Give back the records below verbatim, please, but without a single image.

Items from a dataset
※ ※ ※
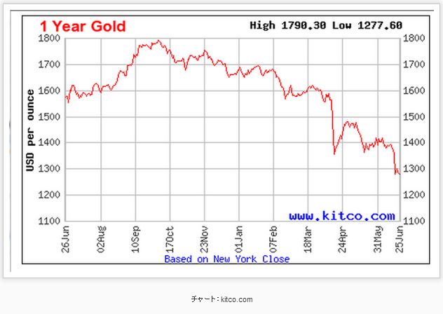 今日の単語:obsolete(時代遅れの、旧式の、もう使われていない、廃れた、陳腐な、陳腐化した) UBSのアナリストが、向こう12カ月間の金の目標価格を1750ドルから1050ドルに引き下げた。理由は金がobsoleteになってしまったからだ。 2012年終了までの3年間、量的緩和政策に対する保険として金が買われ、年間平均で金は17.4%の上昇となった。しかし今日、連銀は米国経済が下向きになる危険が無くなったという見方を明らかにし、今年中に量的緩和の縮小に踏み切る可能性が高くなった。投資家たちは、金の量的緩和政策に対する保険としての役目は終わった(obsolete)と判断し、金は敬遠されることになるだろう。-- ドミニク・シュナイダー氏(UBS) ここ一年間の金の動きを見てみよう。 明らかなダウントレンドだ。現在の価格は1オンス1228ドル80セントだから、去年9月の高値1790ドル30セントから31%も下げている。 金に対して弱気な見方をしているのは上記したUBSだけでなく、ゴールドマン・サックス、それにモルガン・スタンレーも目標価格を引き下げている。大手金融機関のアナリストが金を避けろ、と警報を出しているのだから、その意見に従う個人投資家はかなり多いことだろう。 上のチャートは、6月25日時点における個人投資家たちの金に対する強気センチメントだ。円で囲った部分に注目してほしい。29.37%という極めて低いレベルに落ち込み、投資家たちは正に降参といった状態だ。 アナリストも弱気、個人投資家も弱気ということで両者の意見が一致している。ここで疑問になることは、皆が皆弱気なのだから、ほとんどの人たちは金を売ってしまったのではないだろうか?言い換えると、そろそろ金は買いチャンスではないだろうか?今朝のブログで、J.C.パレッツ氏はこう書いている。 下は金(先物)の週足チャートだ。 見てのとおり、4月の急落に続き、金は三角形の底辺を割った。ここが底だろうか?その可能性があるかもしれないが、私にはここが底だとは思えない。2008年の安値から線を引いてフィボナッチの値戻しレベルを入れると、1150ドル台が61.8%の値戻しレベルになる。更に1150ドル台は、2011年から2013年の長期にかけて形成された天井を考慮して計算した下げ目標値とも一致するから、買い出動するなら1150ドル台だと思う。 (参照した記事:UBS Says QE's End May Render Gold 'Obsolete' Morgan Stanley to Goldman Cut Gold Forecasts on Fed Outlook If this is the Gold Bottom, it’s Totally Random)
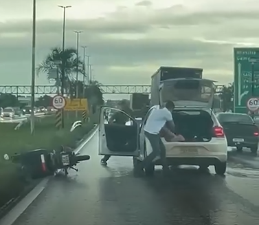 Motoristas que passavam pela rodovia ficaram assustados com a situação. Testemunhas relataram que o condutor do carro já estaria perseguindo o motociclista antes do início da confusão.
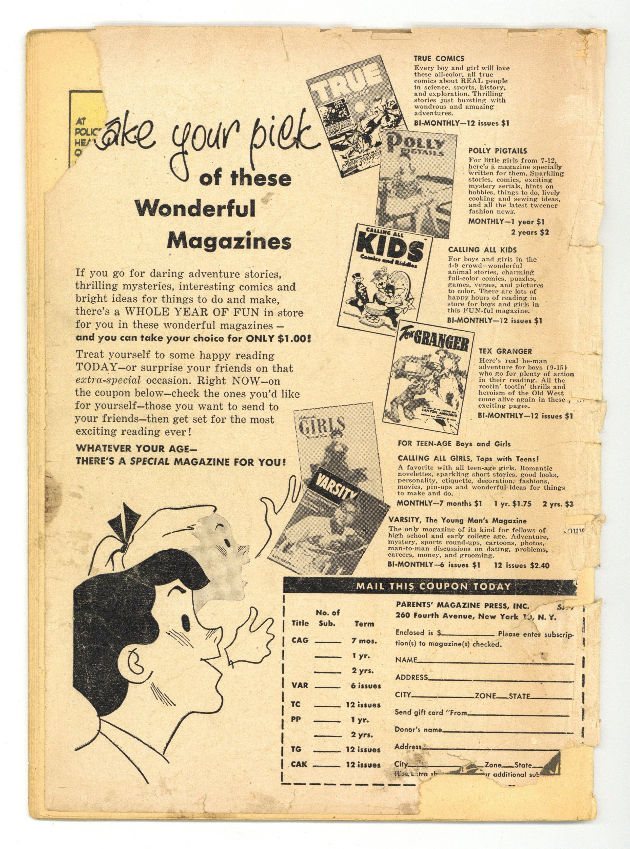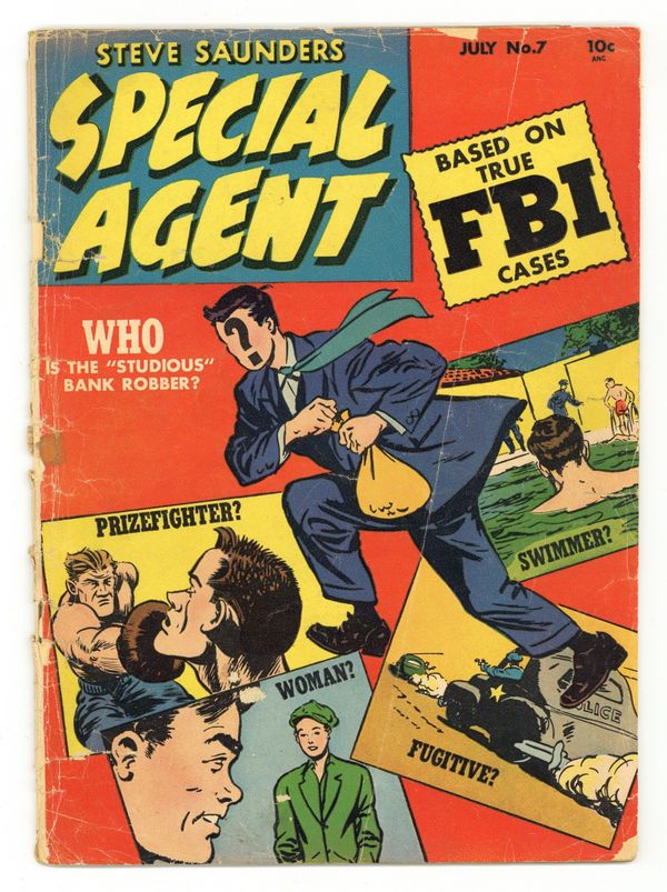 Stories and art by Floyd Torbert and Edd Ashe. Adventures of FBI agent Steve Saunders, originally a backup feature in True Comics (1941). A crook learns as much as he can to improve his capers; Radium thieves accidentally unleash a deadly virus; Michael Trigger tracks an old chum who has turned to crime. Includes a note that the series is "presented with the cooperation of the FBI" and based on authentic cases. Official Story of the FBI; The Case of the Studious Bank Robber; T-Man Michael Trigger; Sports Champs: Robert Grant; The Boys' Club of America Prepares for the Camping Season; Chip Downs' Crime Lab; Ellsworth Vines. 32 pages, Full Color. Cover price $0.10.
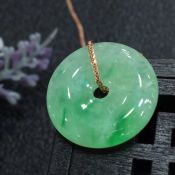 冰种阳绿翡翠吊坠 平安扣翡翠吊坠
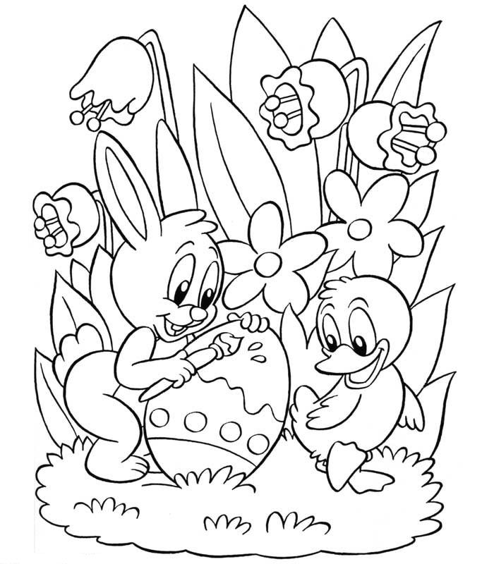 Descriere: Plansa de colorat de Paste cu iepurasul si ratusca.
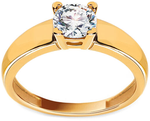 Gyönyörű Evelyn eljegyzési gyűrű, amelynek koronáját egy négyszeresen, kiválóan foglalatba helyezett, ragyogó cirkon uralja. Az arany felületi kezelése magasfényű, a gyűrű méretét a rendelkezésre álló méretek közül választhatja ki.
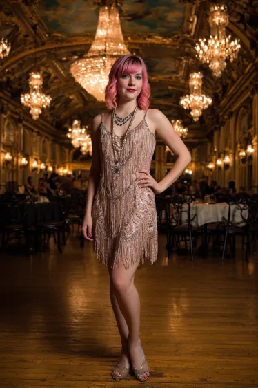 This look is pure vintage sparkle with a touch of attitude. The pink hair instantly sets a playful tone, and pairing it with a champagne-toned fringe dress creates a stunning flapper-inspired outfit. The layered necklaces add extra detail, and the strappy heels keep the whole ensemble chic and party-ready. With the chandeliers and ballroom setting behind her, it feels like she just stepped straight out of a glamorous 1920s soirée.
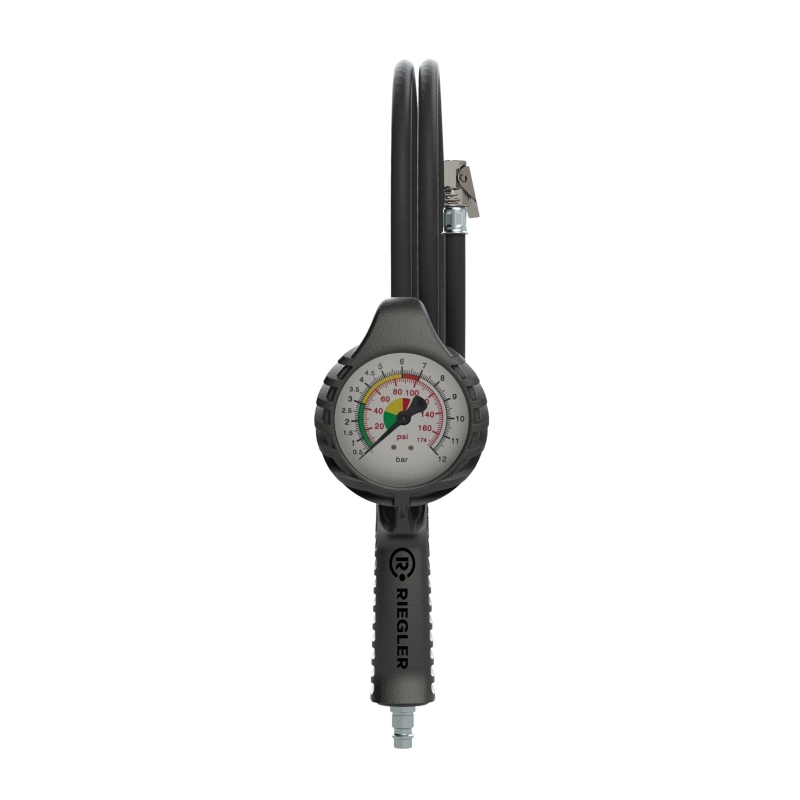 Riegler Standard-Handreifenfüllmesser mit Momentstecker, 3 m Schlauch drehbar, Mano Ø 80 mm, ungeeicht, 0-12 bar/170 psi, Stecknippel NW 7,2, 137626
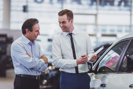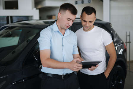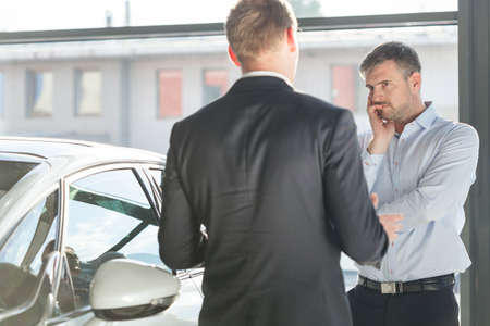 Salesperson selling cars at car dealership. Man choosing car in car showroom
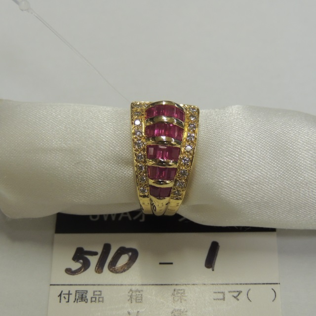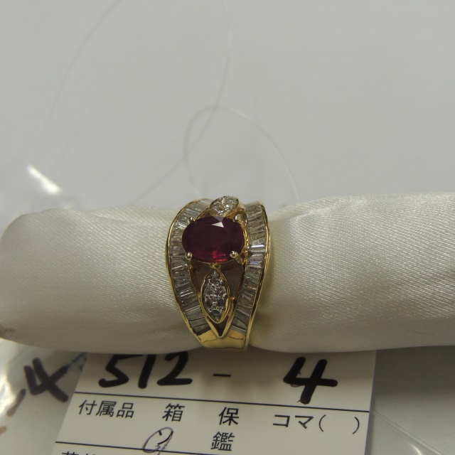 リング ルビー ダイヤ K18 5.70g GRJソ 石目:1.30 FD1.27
※ ※ ※
Answer for the task
 今日の単語:obsolete(時代遅れの、旧式の、もう使われていない、廃れた、陳腐な、陳腐化した) UBSのアナリストが、向こう12カ月間の金の目標価格を1750ドルから1050ドルに引き下げた。理由は金がobsoleteになってしまったからだ。 2012年終了までの3年間、量的緩和政策に対する保険として金が買われ、年間平均で金は17.4%の上昇となった。しかし今日、連銀は米国経済が下向きになる危険が無くなったという見方を明らかにし、今年中に量的緩和の縮小に踏み切る可能性が高くなった。投資家たちは、金の量的緩和政策に対する保険としての役目は終わった(obsolete)と判断し、金は敬遠されることになるだろう。-- ドミニク・シュナイダー氏(UBS) ここ一年間の金の動きを見てみよう。 明らかなダウントレンドだ。現在の価格は1オンス1228ドル80セントだから、去年9月の高値1790ドル30セントから31%も下げている。 金に対して弱気な見方をしているのは上記したUBSだけでなく、ゴールドマン・サックス、それにモルガン・スタンレーも目標価格を引き下げている。大手金融機関のアナリストが金を避けろ、と警報を出しているのだから、その意見に従う個人投資家はかなり多いことだろう。 上のチャートは、6月25日時点における個人投資家たちの金に対する強気センチメントだ。円で囲った部分に注目してほしい。29.37%という極めて低いレベルに落ち込み、投資家たちは正に降参といった状態だ。 アナリストも弱気、個人投資家も弱気ということで両者の意見が一致している。ここで疑問になることは、皆が皆弱気なのだから、ほとんどの人たちは金を売ってしまったのではないだろうか?言い換えると、そろそろ金は買いチャンスではないだろうか?今朝のブログで、J.C.パレッツ氏はこう書いている。 下は金(先物)の週足チャートだ。 見てのとおり、4月の急落に続き、金は三角形の底辺を割った。ここが底だろうか?その可能性があるかもしれないが、私にはここが底だとは思えない。2008年の安値から線を引いてフィボナッチの値戻しレベルを入れると、1150ドル台が61.8%の値戻しレベルになる。更に1150ドル台は、2011年から2013年の長期にかけて形成された天井を考慮して計算した下げ目標値とも一致するから、買い出動するなら1150ドル台だと思う。 (参照した記事:UBS Says QE's End May Render Gold 'Obsolete' Morgan Stanley to Goldman Cut Gold Forecasts on Fed Outlook If this is the Gold Bottom, it’s Totally Random)
 Motoristas que passavam pela rodovia ficaram assustados com a situação. Testemunhas relataram que o condutor do carro já estaria perseguindo o motociclista antes do início da confusão.
 Stories and art by Floyd Torbert and Edd Ashe. Adventures of FBI agent Steve Saunders, originally a backup feature in True Comics (1941). A crook learns as much as he can to improve his capers; Radium thieves accidentally unleash a deadly virus; Michael Trigger tracks an old chum who has turned to crime. Includes a note that the series is "presented with the cooperation of the FBI" and based on authentic cases. Official Story of the FBI; The Case of the Studious Bank Robber; T-Man Michael Trigger; Sports Champs: Robert Grant; The Boys' Club of America Prepares for the Camping Season; Chip Downs' Crime Lab; Ellsworth Vines. 32 pages, Full Color. Cover price $0.10.
 冰种阳绿翡翠吊坠 平安扣翡翠吊坠
 Descriere: Plansa de colorat de Paste cu iepurasul si ratusca.
 Gyönyörű Evelyn eljegyzési gyűrű, amelynek koronáját egy négyszeresen, kiválóan foglalatba helyezett, ragyogó cirkon uralja. Az arany felületi kezelése magasfényű, a gyűrű méretét a rendelkezésre álló méretek közül választhatja ki.
 This look is pure vintage sparkle with a touch of attitude. The pink hair instantly sets a playful tone, and pairing it with a champagne-toned fringe dress creates a stunning flapper-inspired outfit. The layered necklaces add extra detail, and the strappy heels keep the whole ensemble chic and party-ready. With the chandeliers and ballroom setting behind her, it feels like she just stepped straight out of a glamorous 1920s soirée.
 Riegler Standard-Handreifenfüllmesser mit Momentstecker, 3 m Schlauch drehbar, Mano Ø 80 mm, ungeeicht, 0-12 bar/170 psi, Stecknippel NW 7,2, 137626
 Salesperson selling cars at car dealership. Man choosing car in car showroom
 リング ルビー ダイヤ K18 5.70g GRJソ 石目:1.30 FD1.27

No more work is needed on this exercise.